TASK DETAILS: Apart from the images, output the data below exactly.

DATA EXTRACT:
= Beginning of Section =

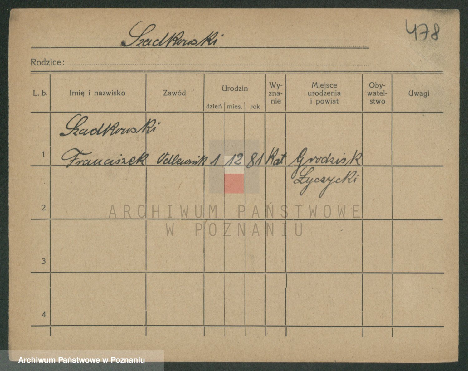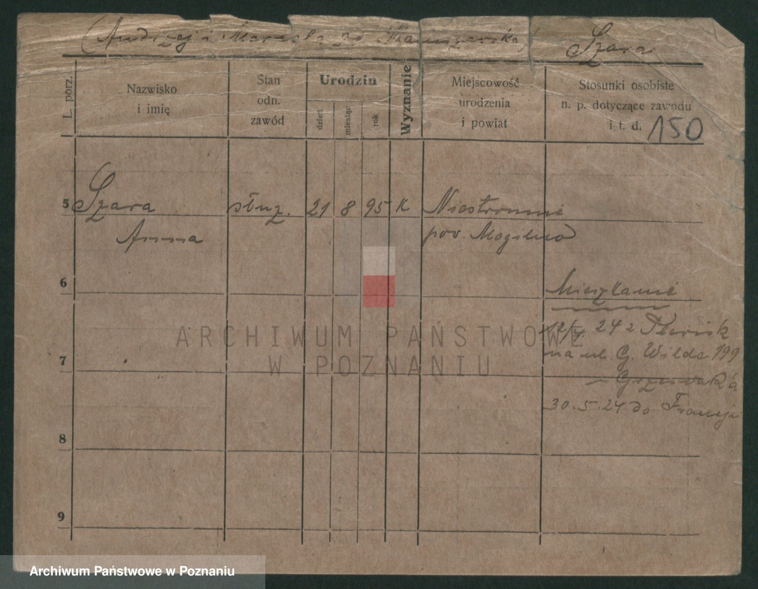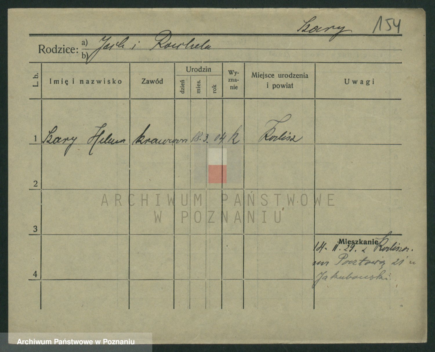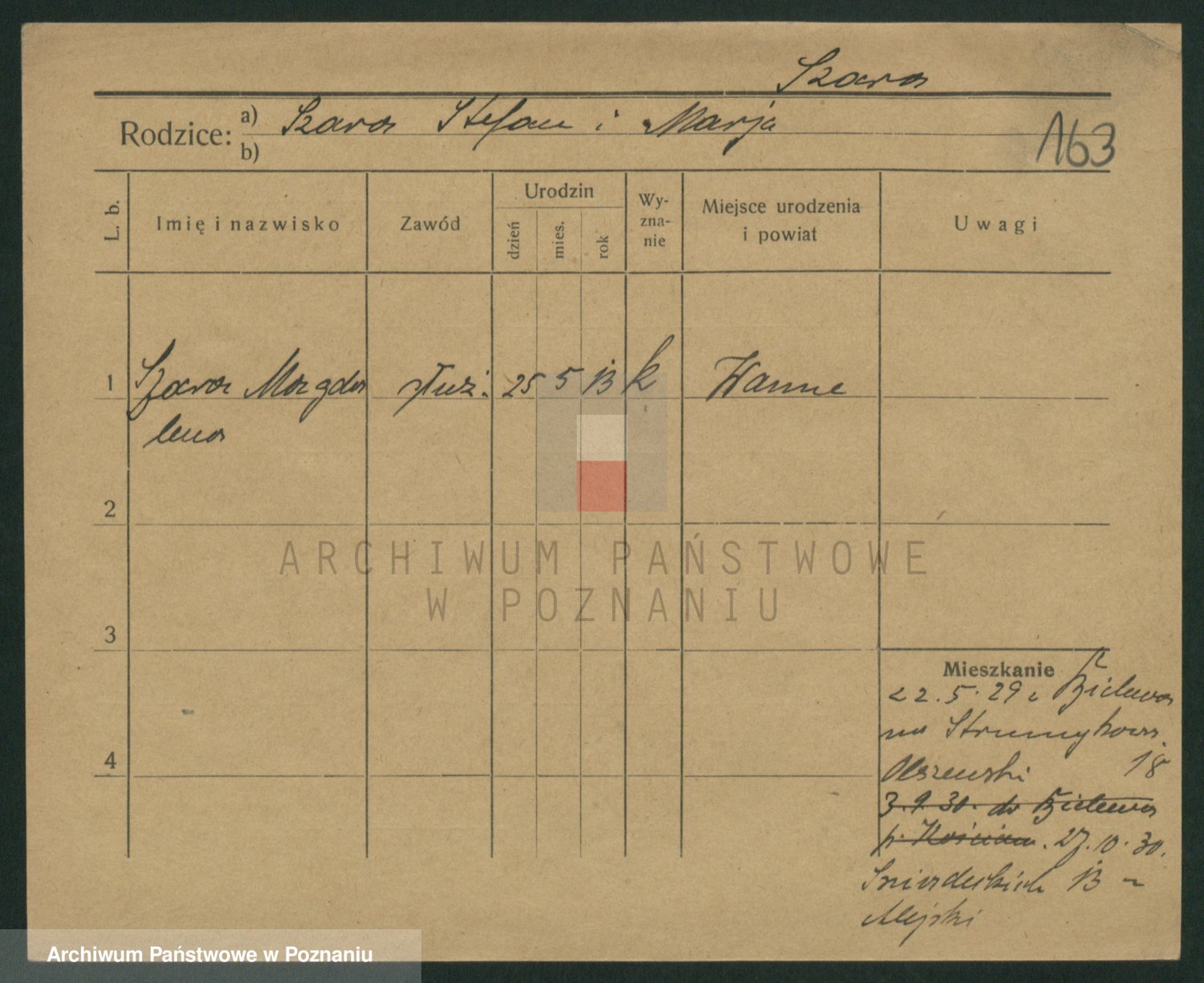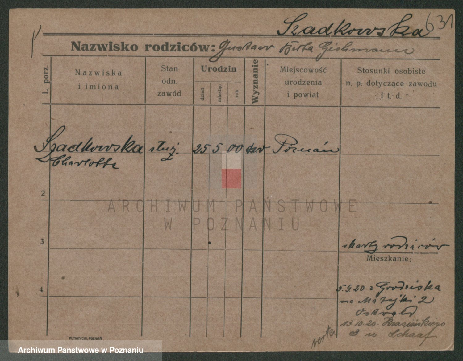 Podgląd karty osobowej dostępny jest po kliknięciu na nazwisko lub ikonkę karty. Można dokonywać powiększenia (ikony na górze) lub przechodzić między kolejnymi skanami (strzałki po bokach).
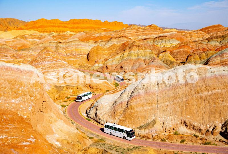 2024年10月3日,三辆旅游大巴车行驶在张掖七彩丹霞景区。
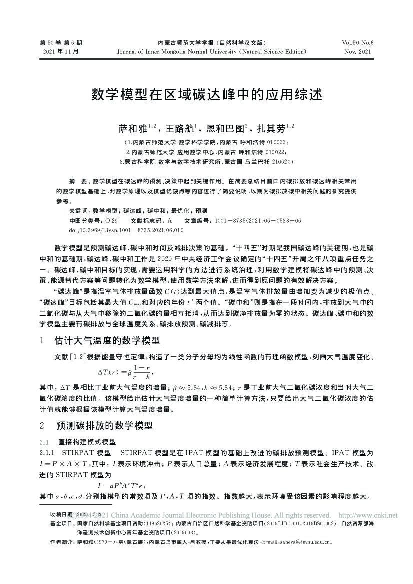 内蒙古师范大学:数学模型在区域碳达峰中的应用综述.pdf

= End of Section =

RESPONSE TO THIS TASK:
 Podgląd karty osobowej dostępny jest po kliknięciu na nazwisko lub ikonkę karty. Można dokonywać powiększenia (ikony na górze) lub przechodzić między kolejnymi skanami (strzałki po bokach).
 2024年10月3日,三辆旅游大巴车行驶在张掖七彩丹霞景区。
 内蒙古师范大学:数学模型在区域碳达峰中的应用综述.pdf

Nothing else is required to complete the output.